Because of its ubiquity, community support, free license with SQL Server, and ease of use, SSIS can be a great option. Coupled with some cheap Salesforce add-ins, the cost of integration tooling barely registers a blip on the technology budget radar. If you don't already have Microsoft SQL server in your organization, you might find better options out there.

Apex - If you don't have a data integration or BI developer on staff you can always turn to your app devs for your integration needs. Apex is an object-oriented programming language used exclusively for Salesforce. Apex allows you to execute flow and transaction control statements in Salesforce in conjunction with calls to the API. There are some things, like complex workflows that might require some custom development with your app dev team, but day to day integration tasks are probably better kept with your BI and data teams.

iPaaS - Integration Platform as a Service (iPaaS) is new to a lot of organizations but if you already make use of one--Boomi, Mulesoft, Jitterbit, et al, then you already know what it can do. Without getting too deep in what iPaaS is and what it can do for you, I will say that it can be a great tool for building data integration workflows with Salesforce as well as building complex data integration workflows across multiple disparate systems. Out of the box iPaaS tools have everything you need to integrate with Salesforce. iPaaS isn't cheap though, so if your only business use case is Salesforce integration there are probably better options out there.

Skyvia - As a standalone integration tool, Skyvia can help you will all integrations related to Salesforce.

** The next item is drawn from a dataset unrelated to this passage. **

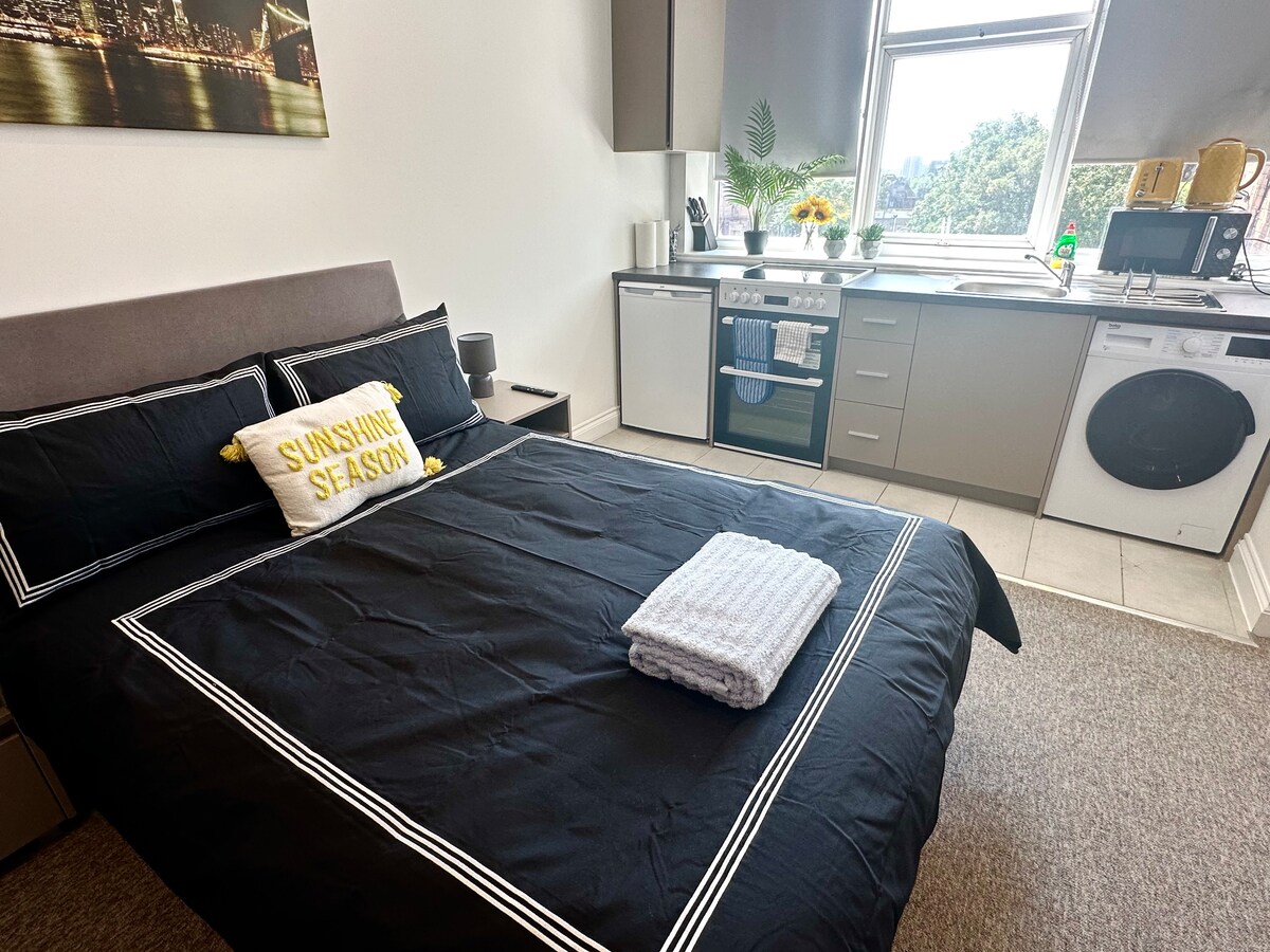 Moderne Studiowohnung im Erdgeschoss mit eigenem Eingang im Herzen von Golders Green. Das neu renovierte Hotel im Hotelstil liegt nur 2 Gehminuten von der U-Bahn-Station Brent Cross entfernt und bietet schnellen Zugang zum Zentrum von London. Mit einem komfortablen Doppelbett, einem eleganten Badezimmer und einer voll ausgestatteten Küche mit Herd, Backofen, Kühlschrank, Wasserkocher und Kochgeschirr. Highspeed-WLAN inklusive – perfekt für kurze Aufenthalte und längere Besuche.

Skyvia is produced by Devart a company that also produces the Devart SSIS components for SSIS. I don't have a lot of experience with this tool so I don't have much to say about it. All I know is that this company is based out of Ukraine and so reaching them during business hours in the west can be a challenge. Aside from that, the feedback on this product is pretty good and worth a look if it makes sense for your environment. Pricing is based on number of records processed and starts at $4800 for 10 million records processed per month.

Capstorm - Is a Salesforce data backup and recovery tool that can also be used to replicate data in and out of Salesforce. I don't think you would use this in most common data integration scenarios, but it does have its uses. Worth a look if you also plan on implementing a robust backup solution--it is a leader in that space.

Now that we know what Salesforce integration options are available to us, let's move on to some of the more nuanced discussions around getting data in and out of Salesforce.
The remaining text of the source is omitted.